### [WORK REQUIRED]
Set down again each entry exactly as it reads, pictures excluded.

Data entries

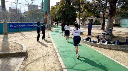 真田山公園杯1500m走3年3組・4組です。周回路を3周します。
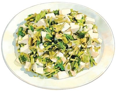香椿头拌豆腐素净清雅、鲜香质朴,不仅是应季美味,更暗含清明廉洁、身心清净的意趣,渐渐成为一道颇为雅致的文人菜。明代李濂在《村居》中写“留客剪椿芽”,剪下鲜嫩欲滴的椿芽,将春色一同端上饭桌;清代李渔在《闲情偶寄》中提到香椿,称“菜能芬人齿颊者,香椿头是也。”到了现代,美食家汪曾祺更是偏爱,称“香椿拌豆腐是拌豆腐里的上上品”“一箸入口,三春不忘”。
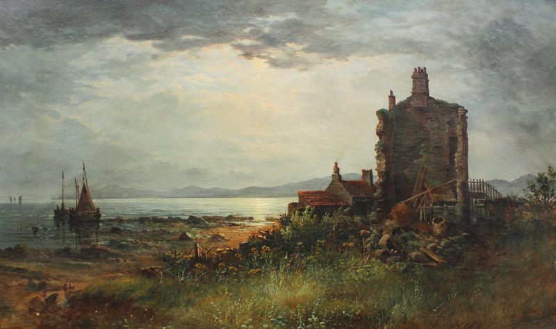 Nocturnal Moonlit Shoreline Scene with Boats and Cottage
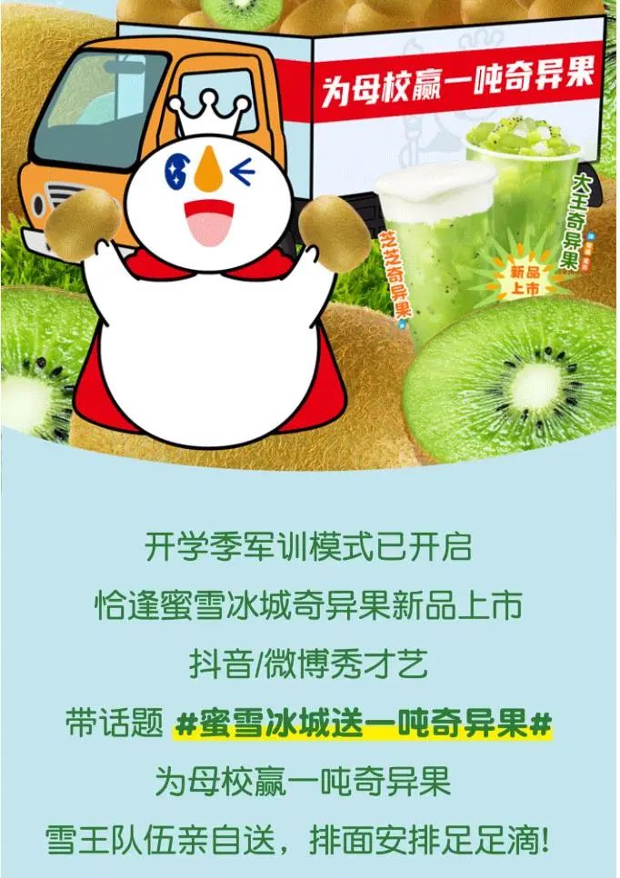 蜜雪冰城“开学军训”话题推新品蜜雪冰城针对开学季,以“开学军训模式”邀请学生和广大网友们一起参与开学才艺大PK,在抖音或微博等社交媒体秀才艺,为母校赢一吨奇异果。同时,雪王还邀请大家在评论区留言互动,一起分享新学期的趣事,会送出大卖的“雪王吨吨桶”周边。一时间,评论区在读学生和已毕业的“社畜”们都来分享那些学生时光里不可磨灭的回忆,雪王还亲自下场互动,顺带宣传了一波才出的新品奇异果系列。
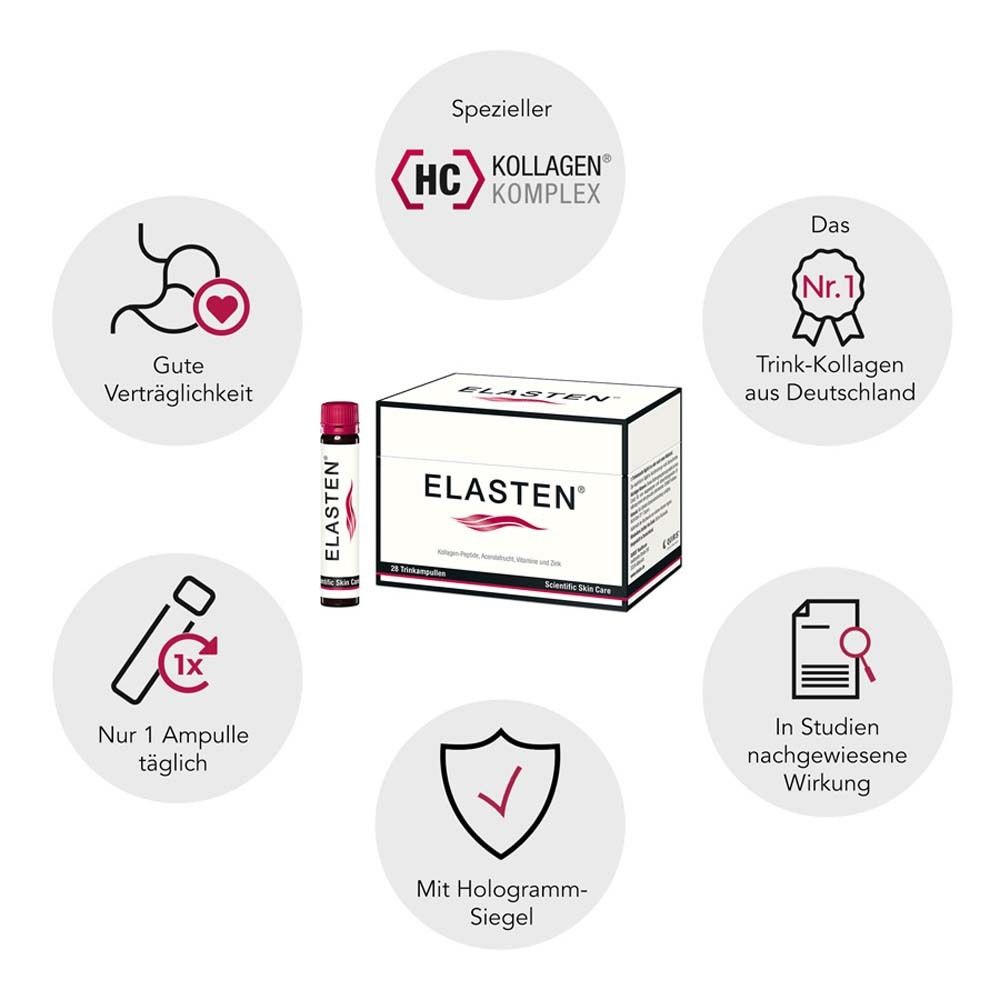 ELASTEN® Kollagen Trinkampullen für schöne Haut – das studiengeprüfte Original, mit Acerola, Vitamin C, Zink, Biotin

### [EXERCISE RESULT]
 真田山公園杯1500m走3年3組・4組です。周回路を3周します。
香椿头拌豆腐素净清雅、鲜香质朴,不仅是应季美味,更暗含清明廉洁、身心清净的意趣,渐渐成为一道颇为雅致的文人菜。明代李濂在《村居》中写“留客剪椿芽”,剪下鲜嫩欲滴的椿芽,将春色一同端上饭桌;清代李渔在《闲情偶寄》中提到香椿,称“菜能芬人齿颊者,香椿头是也。”到了现代,美食家汪曾祺更是偏爱,称“香椿拌豆腐是拌豆腐里的上上品”“一箸入口,三春不忘”。
 Nocturnal Moonlit Shoreline Scene with Boats and Cottage
 蜜雪冰城“开学军训”话题推新品蜜雪冰城针对开学季,以“开学军训模式”邀请学生和广大网友们一起参与开学才艺大PK,在抖音或微博等社交媒体秀才艺,为母校赢一吨奇异果。同时,雪王还邀请大家在评论区留言互动,一起分享新学期的趣事,会送出大卖的“雪王吨吨桶”周边。一时间,评论区在读学生和已毕业的“社畜”们都来分享那些学生时光里不可磨灭的回忆,雪王还亲自下场互动,顺带宣传了一波才出的新品奇异果系列。
 ELASTEN® Kollagen Trinkampullen für schöne Haut – das studiengeprüfte Original, mit Acerola, Vitamin C, Zink, Biotin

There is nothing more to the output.